ITP Glossary: Kicker

Football is littered with specialized terminology. From climbing the pocket to off man technique, commentators rarely get to explain everything you need to know before the next play. Inside The Pylon’s glossary was developed to give fans a deeper understanding of the game through clear explanations, as well as image and video examples. Please contact us with any terms or phrases you’d like to know more about.


The kicker is a member of a football team tasked with handling kickoff, field goal, and extra point duties. At high school and college levels, a team may employ multiple kickers for different facets of the kicking game, but in the NFL, teams typically carry just one kicker due to roster limitations. In some situations, a punter may handle kickoff duties in place of the placekicker, but teams rarely have more than two specialists on the roster. Kickers are often significantly smaller than other players on the field, making them a liability in kickoff coverage in the event of a breakaway returner. Placekickers also are the highest-scoring member on many teams, as points scored by skill position players tend to vary widely from week to week.

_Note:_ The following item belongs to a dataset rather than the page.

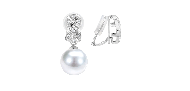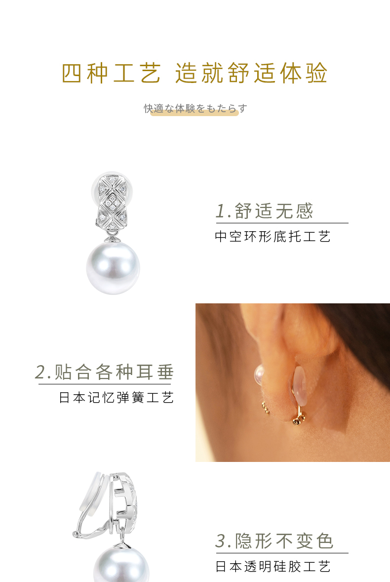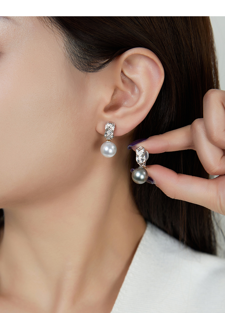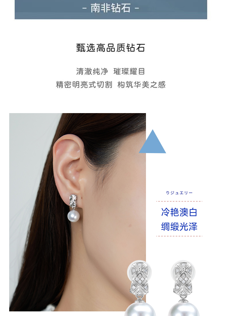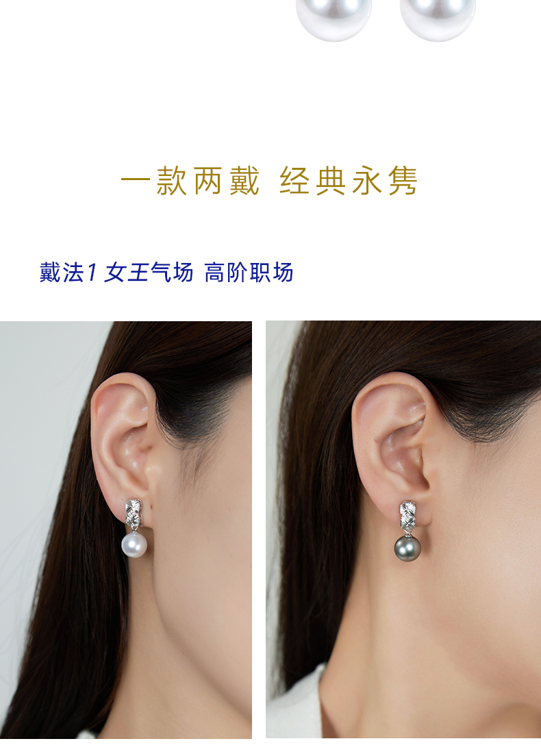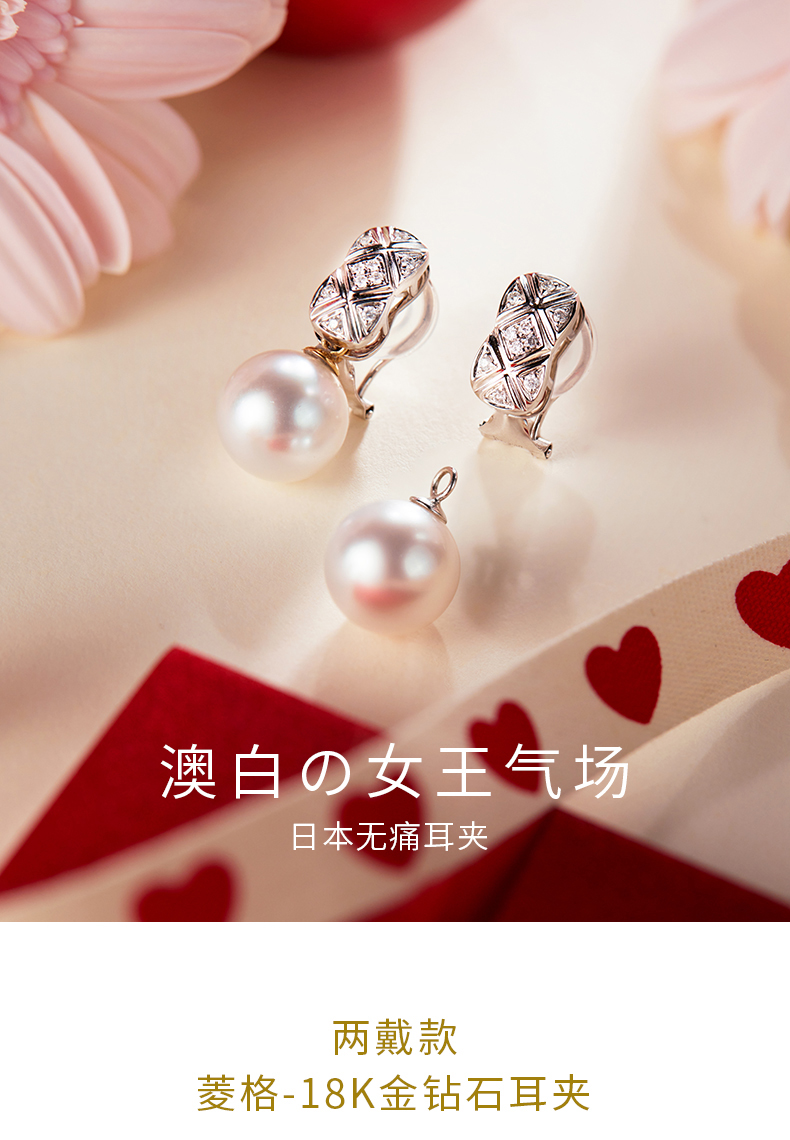 【天猫同款】 悦甄 18k金两戴款珍珠钻石耳夹 菱格

Kickers are tasked with booming the ball on kickoffs downfield in an attempt to pin the opposing team as deep as possible:


Typically lining up 7-10 yards behind the ball, the primary goal of a kicker on this play is to generate significant lift and distance:


The still above shows the Miami Dolphins set up in 5×5 alignment on kickoff, ready to kick deep to the Buffalo Bills. Kicker Caleb Sturgis is just outside the left hash as he takes a soccer-style approach to strike the ball that is just inside the hash on the 35-yard line.

Kickers may also utilize onside kicks, squib kicks, and pooch kicks on kickoffs in which they seek to avoid kicking the ball directly to a dangerous returner.

On field goals and extra points, the kicker’s responsibility is to strike the ball through the uprights after a successful catch and placement by the holder:Gostkowski-Scobee

The still above shows kickers Stephen Gostkowski and Josh Scobee just after making contact with the ball on field goals. Field goal attempts need to gain significant height prior to the line of scrimmage in order to avoid being blocked by opposing players, often requiring more than 11 feet of elevation to ensure a safe kick.

Although kickers are typically poor tacklers, in recent years, kickers have begun to show improved tackling skills.